━━━━━ Data ━━━━━

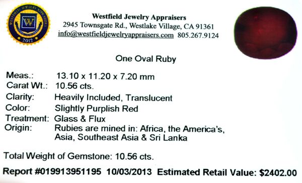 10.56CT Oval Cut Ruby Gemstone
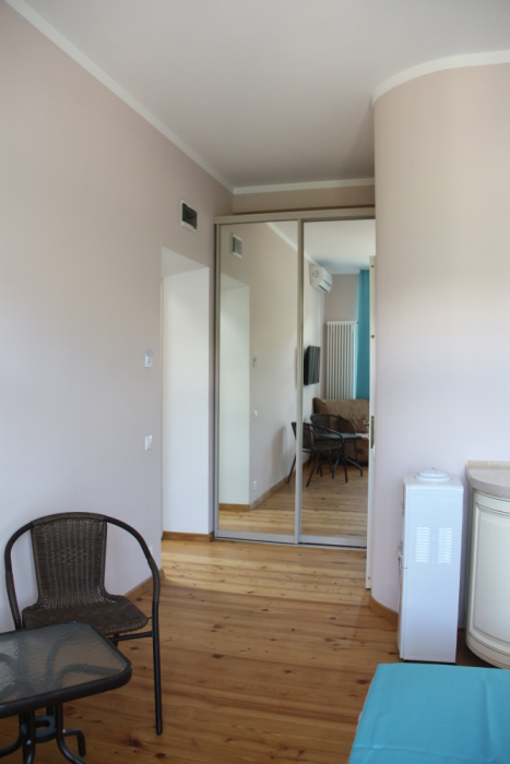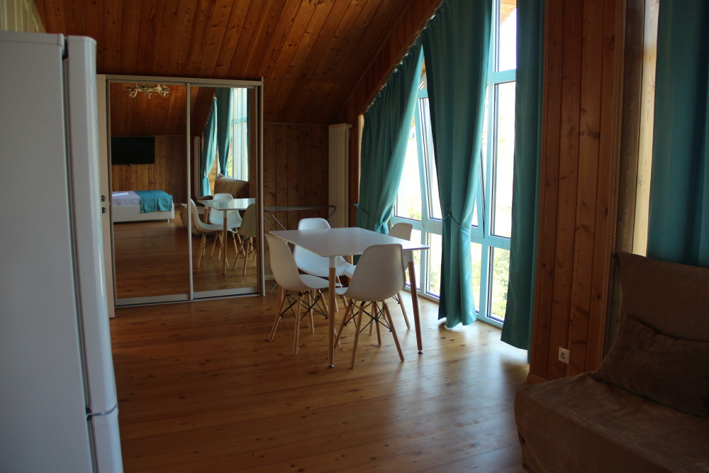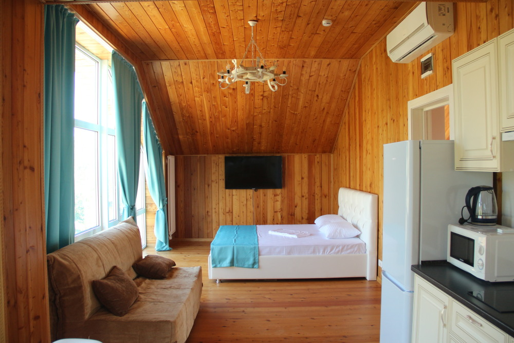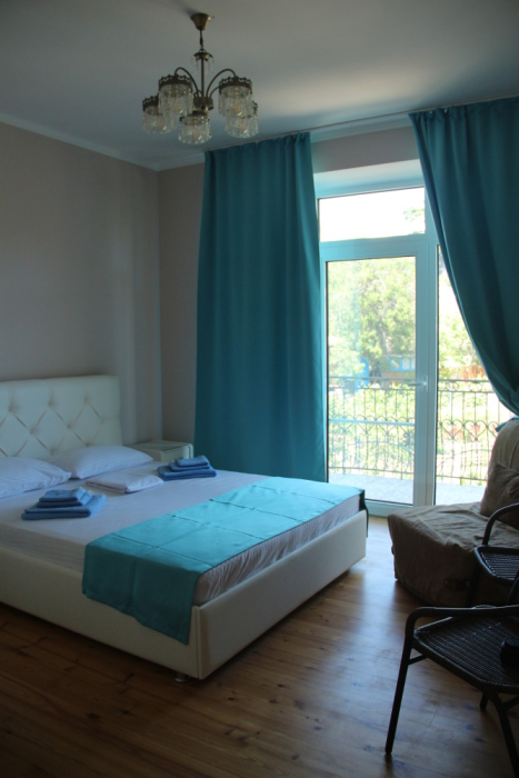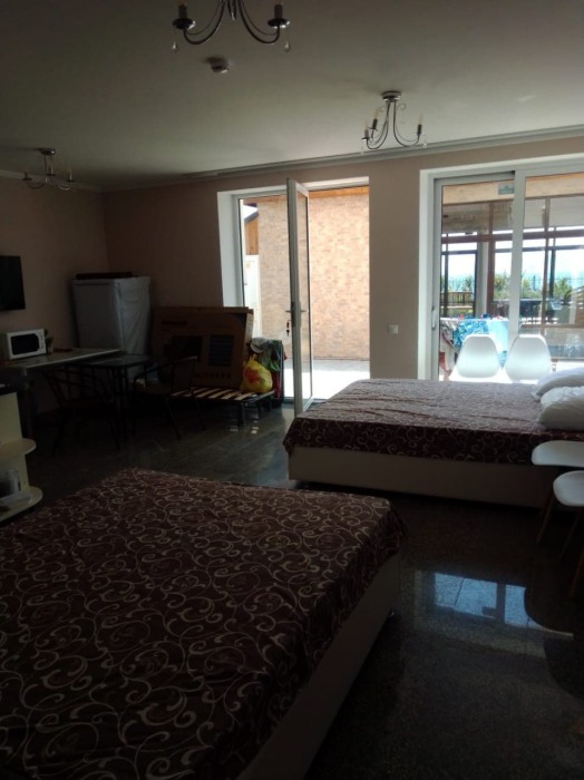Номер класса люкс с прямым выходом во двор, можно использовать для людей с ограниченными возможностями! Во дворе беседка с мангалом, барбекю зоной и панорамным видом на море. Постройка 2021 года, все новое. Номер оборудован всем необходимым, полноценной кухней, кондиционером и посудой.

━━━━━
━━━━━ Data ━━━━━

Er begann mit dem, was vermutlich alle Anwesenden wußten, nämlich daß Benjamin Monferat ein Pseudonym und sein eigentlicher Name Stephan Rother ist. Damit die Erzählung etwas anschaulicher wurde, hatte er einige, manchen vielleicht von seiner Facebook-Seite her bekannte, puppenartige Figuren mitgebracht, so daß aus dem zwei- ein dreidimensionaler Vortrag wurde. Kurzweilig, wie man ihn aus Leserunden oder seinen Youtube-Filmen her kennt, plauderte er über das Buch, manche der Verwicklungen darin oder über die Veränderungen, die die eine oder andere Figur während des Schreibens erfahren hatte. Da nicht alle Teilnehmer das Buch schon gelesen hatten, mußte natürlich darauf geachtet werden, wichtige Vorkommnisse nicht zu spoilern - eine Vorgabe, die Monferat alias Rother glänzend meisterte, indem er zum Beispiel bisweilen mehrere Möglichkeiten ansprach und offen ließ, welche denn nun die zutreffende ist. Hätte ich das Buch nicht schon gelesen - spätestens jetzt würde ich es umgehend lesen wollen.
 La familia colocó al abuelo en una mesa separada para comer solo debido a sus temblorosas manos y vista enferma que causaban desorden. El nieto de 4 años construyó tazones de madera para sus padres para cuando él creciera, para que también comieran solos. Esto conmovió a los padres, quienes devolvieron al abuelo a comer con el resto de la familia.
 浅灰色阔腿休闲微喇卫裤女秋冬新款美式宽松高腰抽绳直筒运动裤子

━━━━━

**What to produce**
Using the data above, copy exactly the lines from the one containing "10.56CT Oval Cut Ruby Gemstone" to the one containing "Номер класса люкс", inclusive. Exclude the pictures.

**Solution**
 10.56CT Oval Cut Ruby Gemstone
Номер класса люкс с прямым выходом во двор, можно использовать для людей с ограниченными возможностями! Во дворе беседка с мангалом, барбекю зоной и панорамным видом на море. Постройка 2021 года, все новое. Номер оборудован всем необходимым, полноценной кухней, кондиционером и посудой.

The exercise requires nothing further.